While many could face the prospect of going out of business, they need to act now to survive and thrive. Customer loyalty is your lifeblood, so understanding changing spending habits and harnessing the right digital experience platforms (DXP) to measure and optimise your customer interactions will be critical. Here are my recommendations for retailers to survive and thrive in a downturn.
Focus on customer retention
Protecting your most loyal customers is an obvious priority in a downturn. Acquiring new customers can be five to 25 times more expensive than retaining existing ones, so focusing on customer retention makes economic sense. What’s more, increasing retention rates can increase profitability. For example, increaing customer retention by 5% can lead to a 25% to 95% increase in profit.
But keeping existing customers can be challenging during a recession as spending habits are radically different. Whether they’re B2B or B2C, customers are far more price sensitive and just focus on the essentials. They’re also more open to trying new brands which are more cost-effective.
To keep their loyalty, you need to create more personalised campaigns to show them the value that your products or services add to their lives. This also means being more sensitive and empathetic to engage your audience’s changed mindset.
But critical to achieving this is measuring the effectiveness of your campaigns. You can do this with a customer data platform (CDP). By combining data from various sources into a single centralised data hub that provides a single customer view, you can ensure you optimise every customer interaction.
Don’t cut marketing budgets
Marketing budgets are often the first to get cut as it’s difficult to measure brand awareness, but try and avoid this. If you reduce your marketing activity in the short term, you’ll pay in the long term. Recessions don’t last forever, and you want your brand to stay visible during a downturn.
According to the Harvard Business Review, companies that maintained their marketing and ad spend during downturns grew their market share. Take brands like Johnson & Johnson and Colgate-Palmolive, which have never stopped marketing and always fared well during recessions. So review your marketing budget with caution, and ensure you have the right data available to make any decisions.
Invest in the right digital products
You may be tempted to decrease your budget by cancelling subscriptions for some of your tools and platforms, or you might pause investing in a new part of your martech stack. However, both decisions are short-sighted and are not focused on the end goal – the end of the recession. To stay ahead of the competition and avoid getting caught short when the market goes back to normal, be prepared.
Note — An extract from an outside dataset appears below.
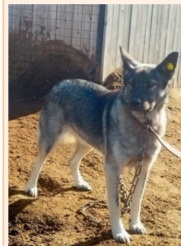
Девочка, 3 года, кличка Муха. Крупная, стерилизованная, спокойная, аккуратная.

Take CDPs. They’re not only a differentiator for retailers, but also important during a recession when up-to-date intel on your customers is critical. Consumer habits can change, not just during a recession, but after too. You need the right tools in place to monitor these shifts now. Because without critical investments, there may not be an after.
On the flip side, ensure you review your digital stack and eliminate any redundant, inefficient systems that don’t support your objectives. Otherwise, this could lead to unnecessary overspending on tech which you cannot afford to do during a downturn.
Keep calm and carry on marketing
While times will be hard, there’s an opportunity to win the loyalty of more customers and strengthen your market position. Those that listen to their customers and create marketing campaigns using the right DXPs while carefully measuring the results, could emerge stronger with a brighter future, however those that don’t, risk their reputation and market share. So make any adjustments to your strategy and investment with caution, ensuring all decisions are grounded in data. Keep calm and carry on marketing.